In this article, the history of animosity between Pakistan and India has caused the slowing of trade between the countries through an inefficient method of transportation. The current system doesn’t allow trucks carrying goods for trade into either country and forces them to unload their goods and have a different truck on the importing country’s side come pick them up and take them to their destination. This is obviously a waste of time and money for both the importing and exporting country and also usually causes damage to the goods being shipped. Most goods are shipped by land and because of this forced transfer of goods between India and Pakistan, trade between surrounding countries (Afghanistan, Nepal, Bhutan, Tajikistan) that are being driven through either of these countries also suffer, especially ones that are land locked and have no other option for mass transportation. Both Pakistan and India have much to gain by streamlining their border crossing process because due to this inefficient system both countries are suffering massive losses to their GDP. In the article it’s mentioned that trade between the countries has been valued at 400 million for the past six years, however it has been estimated that it could instead be between 3 billion and 10 billion. Obviously this is an enormous increase and would be a big boost to both countries’ economies. Also because India and Pakistan are the among the most economically strong countries in the South-East Asia region, low trade between these two countries is a big limitation on growth in this region and if trade increased, both countries, especially India, would significantly strengthen economically.

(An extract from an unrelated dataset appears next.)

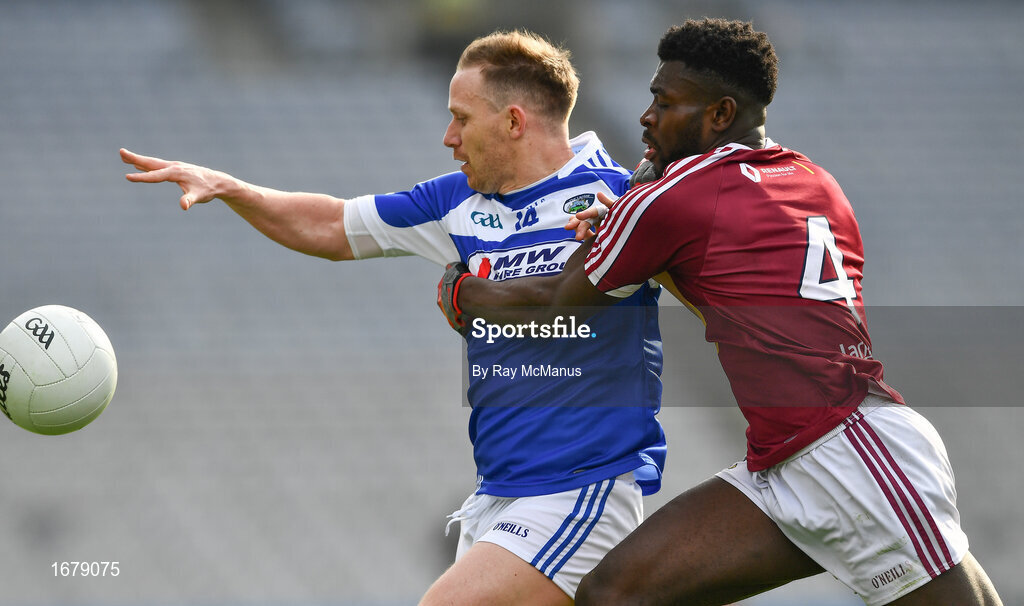 6 April 2019; Paul Cahillane of Laois in action against Boidu Sayeh of Westmeath during the Allianz Football League Division 3 Final match between Laois and Westmeath at Croke Park in Dublin. Photo by Ray McManus/Sportsfile

What both countries should do is to allow free entry of cargo trucks from both countries, therefore eliminating the costly and potentially goods damaging transfer process. Also because both countries are part of the South Asia Free Trade Area, trade between both countries would increase and as a result so would the GDP’s of both countries and the surrounding countries, as they too would have easier access to the markets in India and Pakistan. International trade would increase as well because the land locked countries around India and Pakistan, such as Afghanistan, Nepal and Bhutan would have access to the ports in both countries and allow for greater ease in shipping their goods around the world.